What the exercise asks:
Within the entries below, please return exactly the lines from the one with "Emauzský klášter po náletu" through the one with "Сокращение номинального уровня", leaving out any pictures.

─── Entries supplied ───

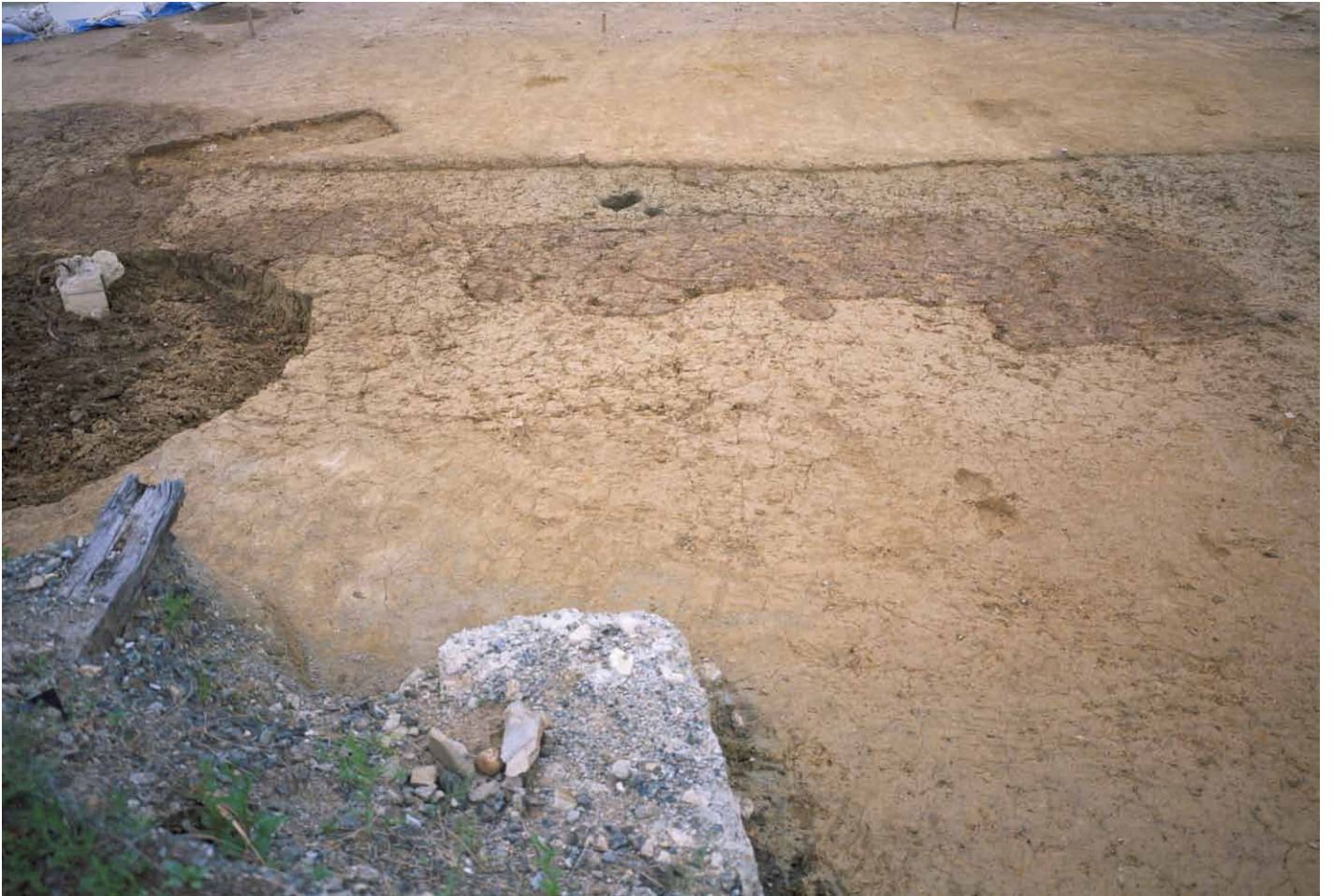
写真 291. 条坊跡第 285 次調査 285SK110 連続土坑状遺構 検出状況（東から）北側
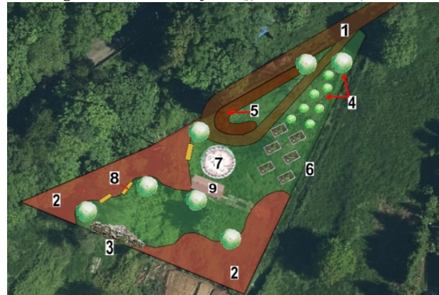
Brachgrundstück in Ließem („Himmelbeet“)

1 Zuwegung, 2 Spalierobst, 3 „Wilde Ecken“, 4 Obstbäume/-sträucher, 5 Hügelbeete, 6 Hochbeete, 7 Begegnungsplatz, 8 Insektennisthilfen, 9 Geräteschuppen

───
─── Entries supplied ───

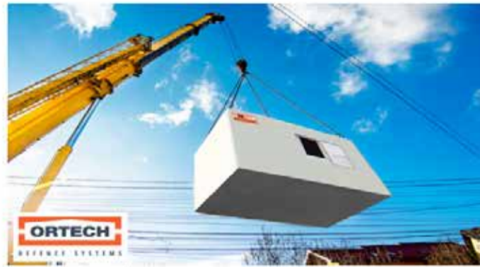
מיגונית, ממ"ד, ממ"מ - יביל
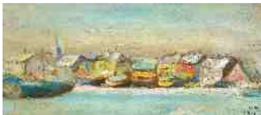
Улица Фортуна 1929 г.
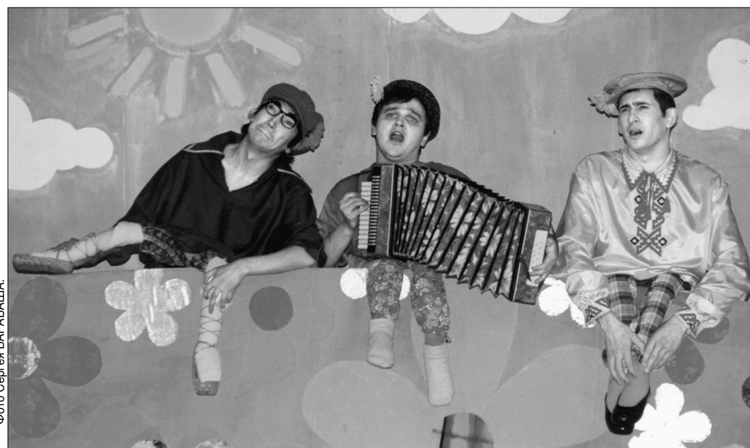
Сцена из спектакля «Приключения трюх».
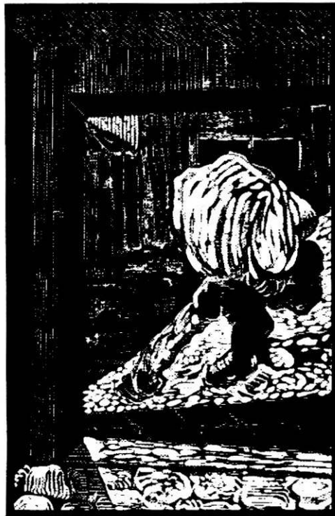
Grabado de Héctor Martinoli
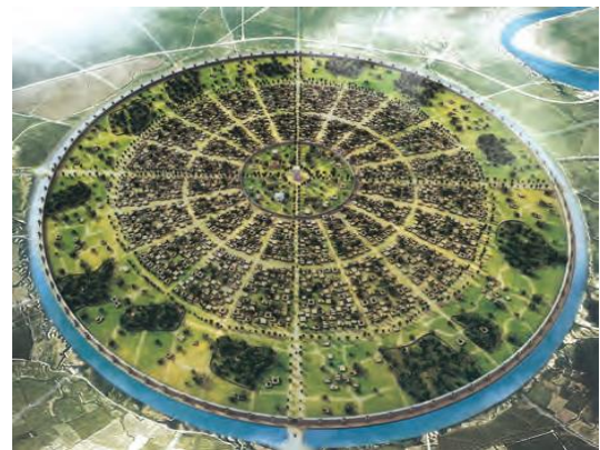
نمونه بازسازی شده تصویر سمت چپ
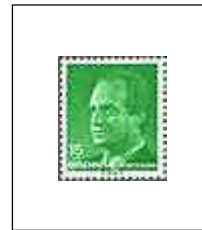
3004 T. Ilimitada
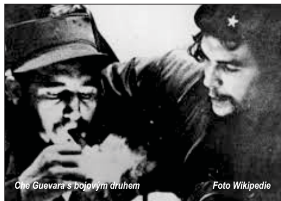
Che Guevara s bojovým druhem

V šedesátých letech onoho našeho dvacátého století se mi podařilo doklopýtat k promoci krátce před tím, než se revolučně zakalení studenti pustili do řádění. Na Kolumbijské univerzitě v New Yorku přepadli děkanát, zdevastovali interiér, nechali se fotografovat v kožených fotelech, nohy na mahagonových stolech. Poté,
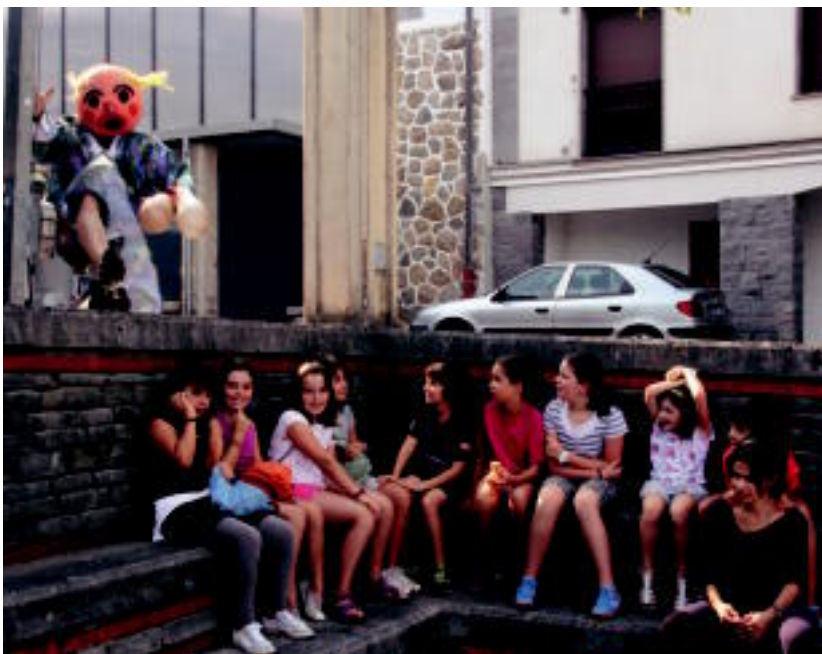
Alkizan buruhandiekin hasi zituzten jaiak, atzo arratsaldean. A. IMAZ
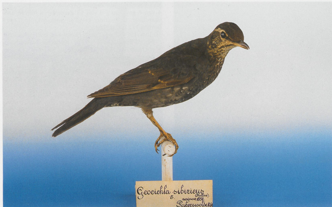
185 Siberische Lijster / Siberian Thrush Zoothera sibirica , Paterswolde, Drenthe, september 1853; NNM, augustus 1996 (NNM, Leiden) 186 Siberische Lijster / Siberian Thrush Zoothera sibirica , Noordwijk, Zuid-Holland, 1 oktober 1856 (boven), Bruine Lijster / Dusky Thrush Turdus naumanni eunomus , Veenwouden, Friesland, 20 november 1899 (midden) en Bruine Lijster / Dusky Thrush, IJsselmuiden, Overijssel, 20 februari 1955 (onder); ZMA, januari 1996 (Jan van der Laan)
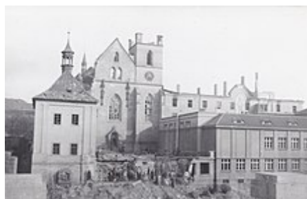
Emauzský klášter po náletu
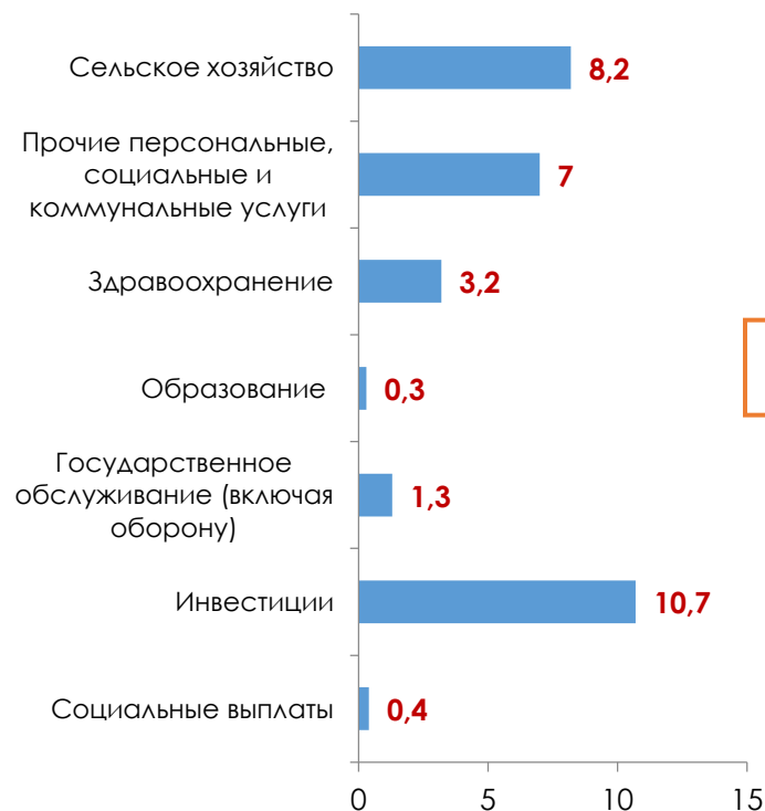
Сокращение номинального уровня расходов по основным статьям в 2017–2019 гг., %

───

Reply:
Emauzský klášter po náletu
Сокращение номинального уровня расходов по основным статьям в 2017–2019 гг., %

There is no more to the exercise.